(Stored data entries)
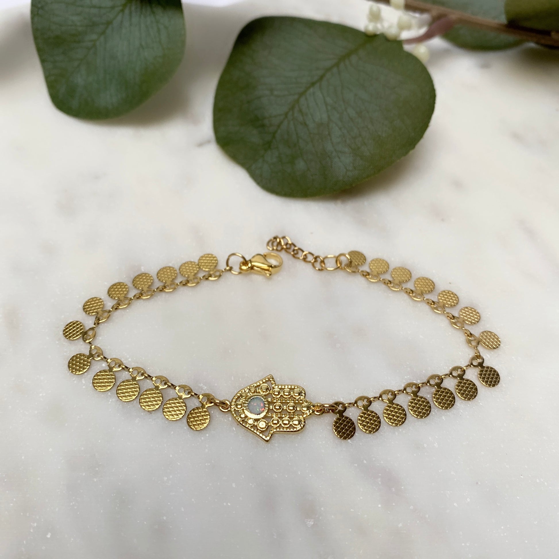 Chaîne fantaisie #5 en acier inoxydable plaqué or avec hamsa et fermoir mousqueton
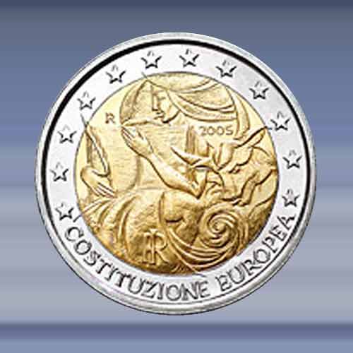de 2 EURO munt is verpakt in een zelfklevende munthouder.
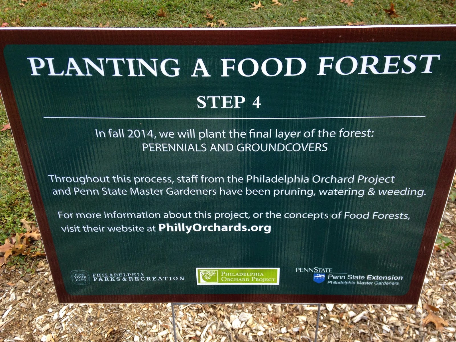 About a month ago, I was visiting the Shofuso Japanese house in Fairmount Park with my girlfriend when we stumbled upon a food forest right here in Philadelphia. I’ve read about several Philly Food Forest plantings done by the Philly Orchard Project, but hadn’t seen any yet. They had signs surrounding the site that described the process of installing the different aspects of the system. Well done, Philly Orchard Project! Check it out:
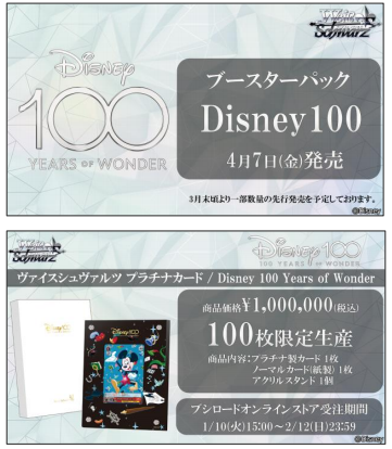 今年3月份,《Wei Schwarz(黑白双翼)》将迎来15周年纪念,预定发售加强包《Disney100》,同时限量发售100张米老鼠白金卡牌,这也是武士道初次尝试制作发售贵金属高额卡牌。
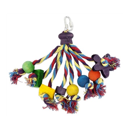 Dit speelgoed is een feestje voor jouw papegaai! De aantrekkelijke kleuren en het gebruik van verschillende materialen zoals hout en touw prikkelen jouw papegaai om op ontdekkingstocht te gaan. Ideaal om de snavel eens flink in te zetten, in te hangen en heen en weer te zwieren! Het hout en touw is van duurzame kwaliteit waar ze nog uren speelplezier van zullen ondervinden.
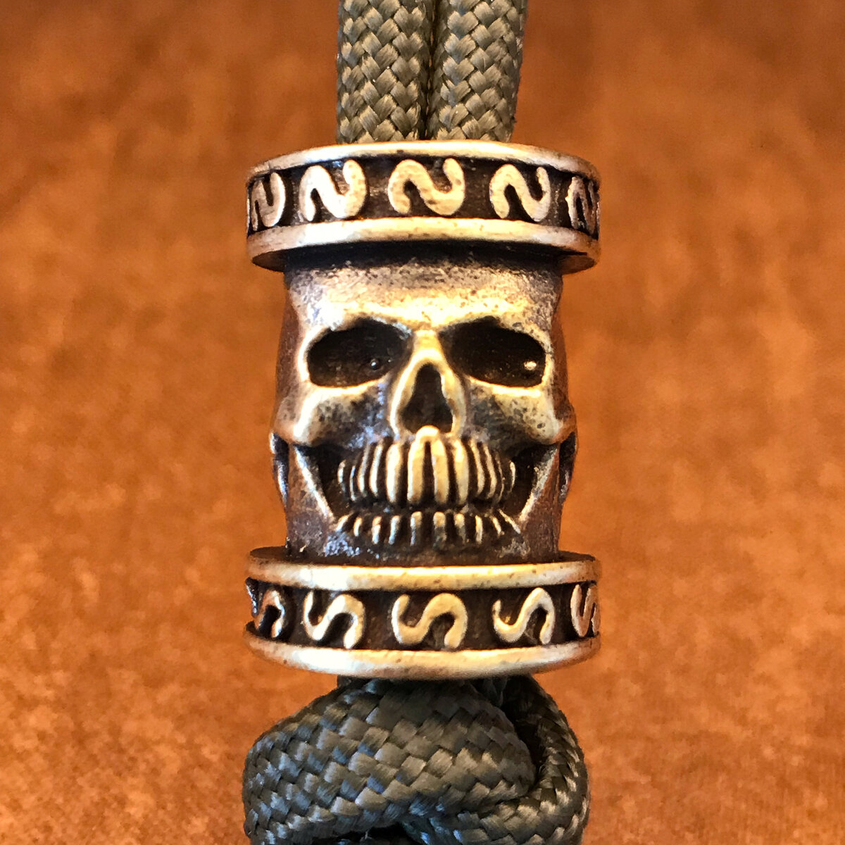 Handmade Brass Skull Lanyard Bead, EDC Charm
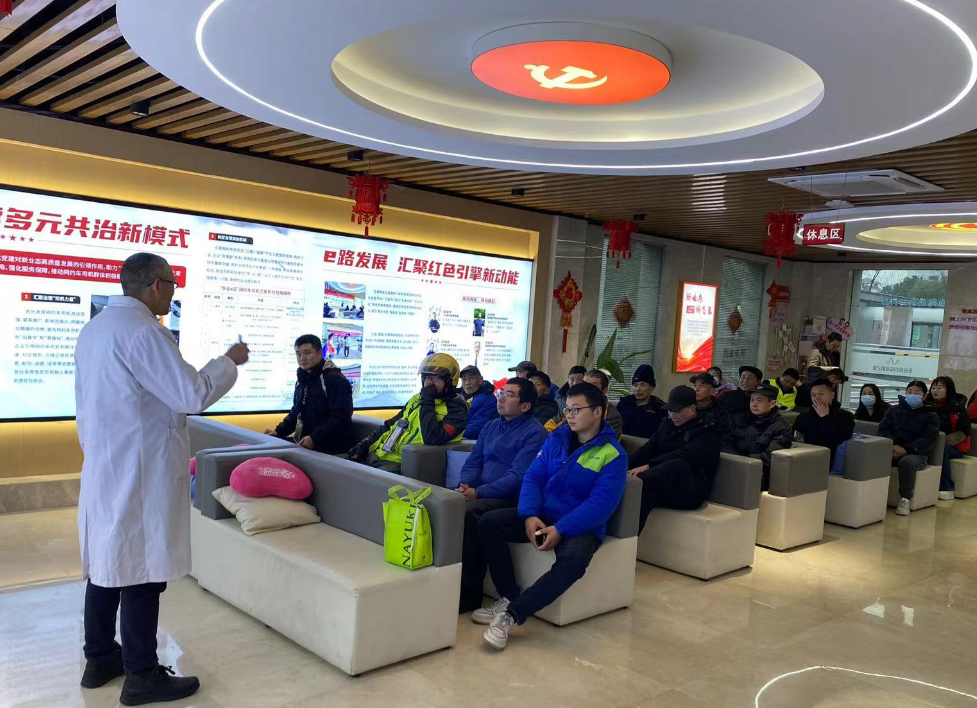 2月1日,武汉经开区沌阳街道金域蓝湾社区联合武汉协和医院西院、平台企业T3出行,在“车谷e站”网约车司机之家开展春节慰问暨爱心义诊活动,为30余名新就业群体提供科普讲座和爱心义诊等健康服务。
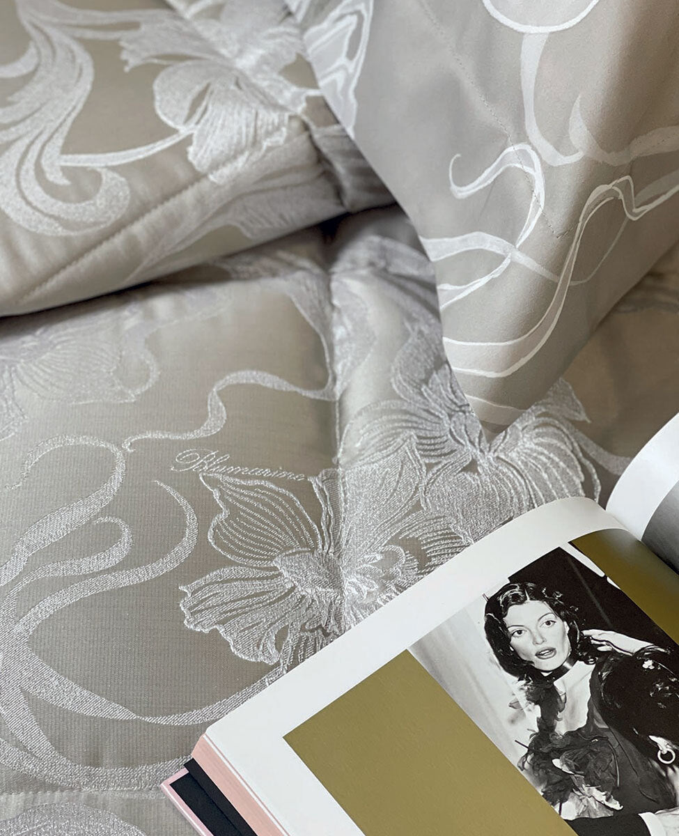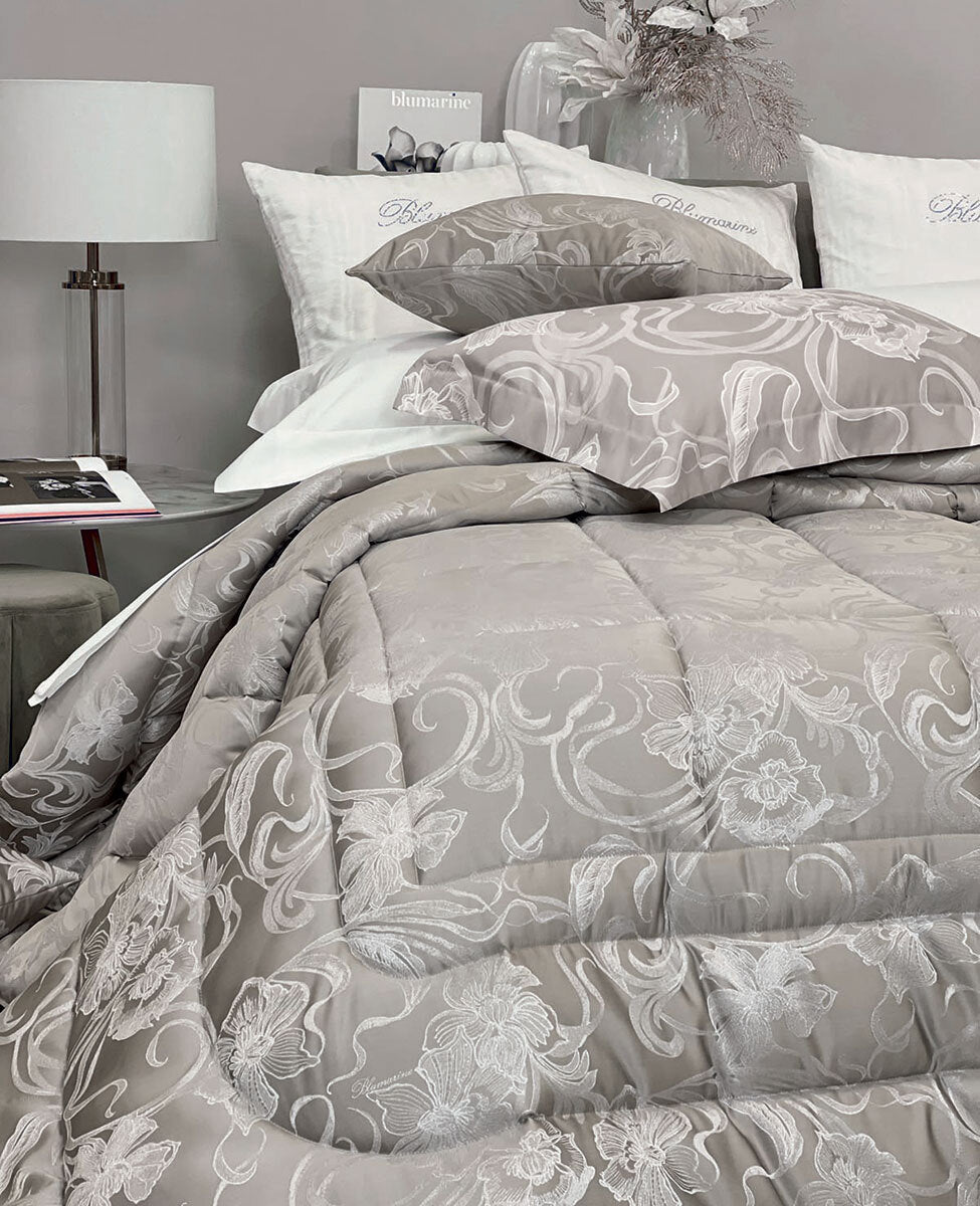 Trapunta matrimoniale in jacquard con logo Blumarine nella trama del tessuto.
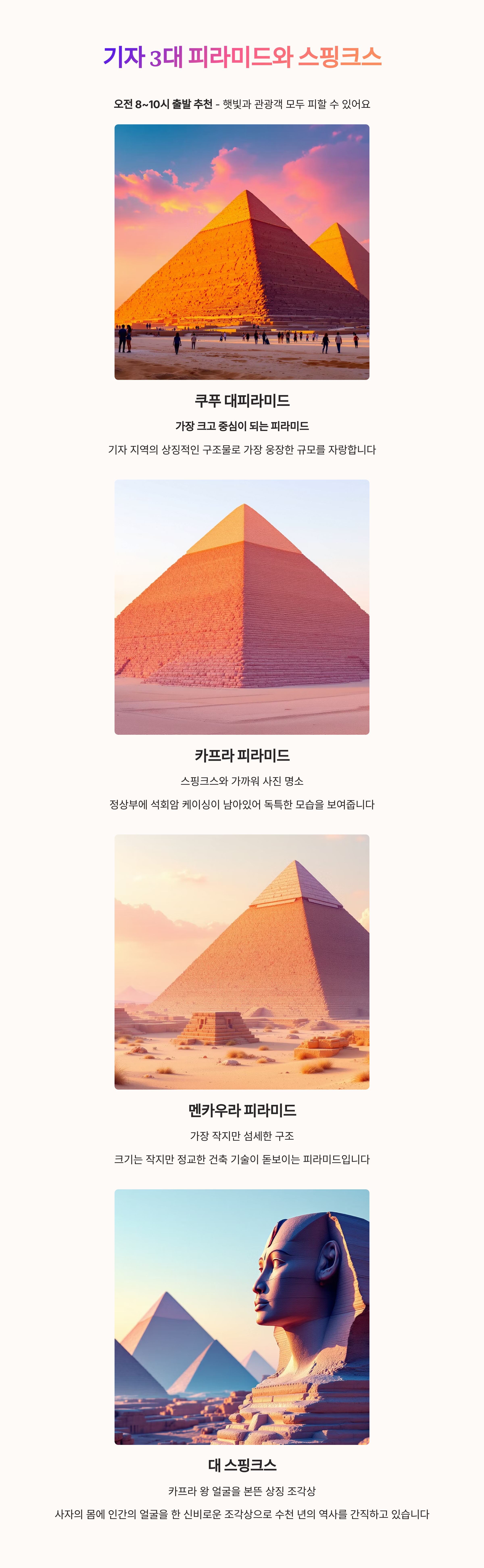 1. 투어 구성 – 기자 3대 피라미드 + 스핑크스까지
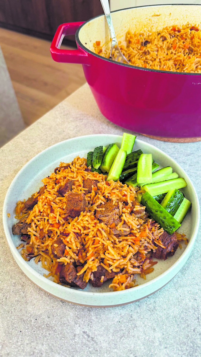 Reikės: 500 g jautienos sprandinės, 2 morkų, aliejaus kepimui, druskos, pipirų, 1 a. š. česnako miltelių, 1 a. š. maltos paprikos, 1/2 a. š. malto kumino, 700 ml sultinio, 3 v. š. pomidorų padažo, 350 g basmati ryžių, 1 česnako galvos, šviežių petražolių, silpnai sūdytų arba raugintų agurkų.

ASSIGNMENT:
Every record above must be copied exactly; none of the pictures belong in the copy.

WRITTEN SOLUTION:
 Chaîne fantaisie #5 en acier inoxydable plaqué or avec hamsa et fermoir mousqueton
de 2 EURO munt is verpakt in een zelfklevende munthouder.
 About a month ago, I was visiting the Shofuso Japanese house in Fairmount Park with my girlfriend when we stumbled upon a food forest right here in Philadelphia. I’ve read about several Philly Food Forest plantings done by the Philly Orchard Project, but hadn’t seen any yet. They had signs surrounding the site that described the process of installing the different aspects of the system. Well done, Philly Orchard Project! Check it out:
 今年3月份,《Wei Schwarz(黑白双翼)》将迎来15周年纪念,预定发售加强包《Disney100》,同时限量发售100张米老鼠白金卡牌,这也是武士道初次尝试制作发售贵金属高额卡牌。
 Dit speelgoed is een feestje voor jouw papegaai! De aantrekkelijke kleuren en het gebruik van verschillende materialen zoals hout en touw prikkelen jouw papegaai om op ontdekkingstocht te gaan. Ideaal om de snavel eens flink in te zetten, in te hangen en heen en weer te zwieren! Het hout en touw is van duurzame kwaliteit waar ze nog uren speelplezier van zullen ondervinden.
 Handmade Brass Skull Lanyard Bead, EDC Charm
 2月1日,武汉经开区沌阳街道金域蓝湾社区联合武汉协和医院西院、平台企业T3出行,在“车谷e站”网约车司机之家开展春节慰问暨爱心义诊活动,为30余名新就业群体提供科普讲座和爱心义诊等健康服务。
 Trapunta matrimoniale in jacquard con logo Blumarine nella trama del tessuto.
 1. 투어 구성 – 기자 3대 피라미드 + 스핑크스까지
 Reikės: 500 g jautienos sprandinės, 2 morkų, aliejaus kepimui, druskos, pipirų, 1 a. š. česnako miltelių, 1 a. š. maltos paprikos, 1/2 a. š. malto kumino, 700 ml sultinio, 3 v. š. pomidorų padažo, 350 g basmati ryžių, 1 česnako galvos, šviežių petražolių, silpnai sūdytų arba raugintų agurkų.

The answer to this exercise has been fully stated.